SERVES 6 PREPARATION: 30 MIN COOKING: ABOUT 1 HR MINCE 15ml (1T) oil 2 onions, chopped 2 garlic cloves, chopped 5cm fresh ginger, grated 5ml (1t) turmeric 2,5ml (½t) cumin seeds 30ml (2T) roasted curry powder 400g lean beef mince 125ml (½c) beef stock 60ml (¼c) chutney salt and freshly ground pepper 500g cannelloni tubes (see tip) TO FINISH 500ml (2c) milk 4 eggs 2,5ml (½t) salt 4 bay leaves Preheat the oven to 190°C. Grease a deep medium ovenproof dish with nonstick spray.
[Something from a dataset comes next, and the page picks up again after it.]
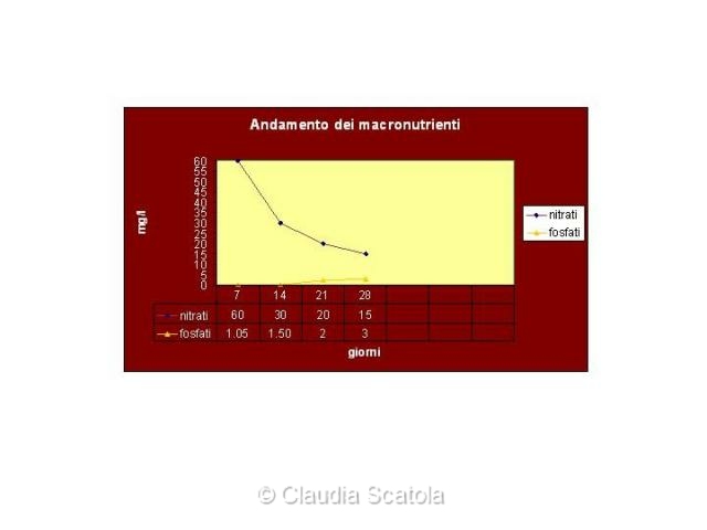 Anche la concentrazione del fosforo si è mantenuta elevata a lungo e su livelli molto alti ed impensabili in "normali" acquari. Tuttavia, questa disponibilità, non ha mai scatenato la proliferazione di alghe verdi filamentose non ramificate come quelle appartenenti al genere Oedogonium, caratteristiche, in particolare modo, durante le fasi di avvio di molte vasche. La ricerca e l'esame al microscopio avevano messo in evidenza anche un'"insolita" assenza di quei protisti fotosintetici che normalmente si accompagnano a tipologie di vasche certamente più comuni. Nessuna presenza di alghe rosse si è mai dovuta registrare. Questa tipologia algale è sempre stata completamente assente. Altri assenti importanti erano i cianobatteri. La ricerca ha prodotto solo dei risultati in concomitanza del filtro appeso a zainetto, dove qualche filamento di Oscillatoria princeps è stato messo in evidenza intorno al sesto mese. Ma oltre qualche sporadico filamento nella zona dove l'acqua ritornava nell'acquario formando una piccola cascatella non si sono potuti rinvenire da nessuna altra parte. La disponibilità di CO2 è sempre rimasta su livelli tali da garantire una buona crescita delle piante presenti e tale da non far rimpiangere la mancanza di apposito impianto d'erogazione della stessa. Se l'apporto in macronutrienti e in CO2 si è rivelato non necessario, non altrettanto si è potuto dire per quanto concernente i micronutrienti, la cui assenza o bassa presenza ha suggerito sin da subito la necessità di un apporto esterno che fosse adeguato alle esigenze di crescita delle piante ospitate.

1 Mince Heat the oil and fry the onions, garlic and ginger until soft. Add the turmeric, cumin seeds and curry powder and stir-fry until fragrant. 2 Add the mince and stirfry until brown, then add the stock and chutney, stir and simmer until half the liquid has evaporated. Season with salt and freshly ground pepper. 3 Fill the cannelloni tubes with the mince mixture and arrange upright in the ovenproof dish, or arrange horizontally if you prefer.
4 To finish Whisk the milk, eggs and salt together and pour over the cannelloni. Arrange the bay leaves on top and bake for 40-45 minutes or until the egg custard has set and the pasta is done.